Rat liver dimethylglycine dehydrogenase

Publisher Website
Google Scholar
Abstract
Dimethylglycine dehydrogenase (Me2GlyDH), an enzyme of choline catabolism specifically expressed in the mammalian liver, was analyzed in rat hepatocytes in culture. This mitochondrial enzyme carries the FAD cofactor covalently attached to the polypeptide chain by its riboflavin 8 alpha position to N pi of histidine [Cook, R., Misono, K.S. & Wagner, C. (1980) J. Biol. Chem. 259, 12475-12480]. Subcellular fractionation of [14C]riboflavin-labelled hepatocytes and immunoprecipitation with Me2GlyDH-specific antiserum identified a [14C]riboflavin-labelled polypeptide of the size of mature Me2GlyDH only in the mitochondrial fraction. Immunoprecipitation of extracts from [35S]Met-labelled hepatocytes revealed a putative precursor protein to the mature Me2GlyDH in the cytoplasmic fraction. These Me2GlyDH polypeptides were not expressed in cells of the rat hepatoma cell line FAO. A Me2GlyDH cDNA clone of apparent full length was isolated from a rat liver cDNA bank constructed in the plasmid vector pcD-X [Okayama, H., Kawaichi, M., Brownstein, M., Lee, F., Yokota, T. & Arai, K. (1987) Methods Enzymol. 154, 3-28]. The nucleotide sequence of the cDNA contains an open reading frame encoding a protein of 96059 Da.

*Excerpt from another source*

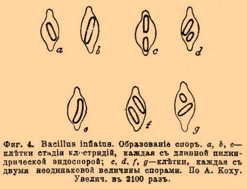 Фиг. 4. Bacillus inflatus a, b, c — клетки стадии клостридий, каждая с длинной цилиндрической эндоспорой ; e, d, f, g — клетки, каждая с неодинаковой величины спорами. По А. Коху. Увелич. в 2100 раз.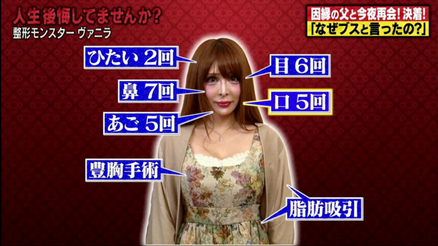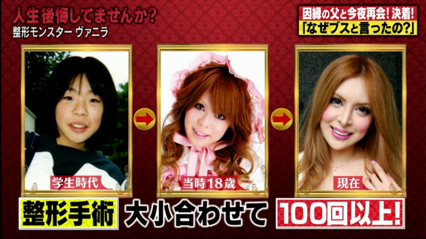 日本女星Vanilla Chamu有「日本史上最強整形怪獸」之稱,為了把自己變成精緻的法國娃娃,她從高中時就開始整形,2013年時登上電視節目爆紅。近幾年來Vanilla很少在電視中出現,2018年末有網友發現她轉戰Youtube,崩壞的容貌在2ch論壇上引發熱議。

This molecular mass agrees well with the migration on SDS/PAGE of the assumed Me2GlyDH precursor immunoprecipitated from the cytoplasm of [35S]Met-labelled cells. Proteolytic cleavage at the putative mitochondrial processing protease-recognition site Arg(-2)-Ala(-1)-Glu(+1) would lead to the formation of a protein of 91391 Da, which is in good agreement with the estimated 90 kDa of mature Me2GlyDH [Wittwer, A.J. & Wagner, C. (1981) J. Biol. Chem. 256, 4102-4108], and a 43-amino-acid leader peptide. The N-terminus of Me2GlyDH contains a conserved amino acid sequence which forms the dinucleotide-binding site in many enzymes with noncovalently bound FAD. Close to the modified histidine there is an amino acid sequence resembling a sequence conserved in thymidylate synthases and shown in these enzymes to be involved in the binding of the pteroyl polyglutamate cofactor.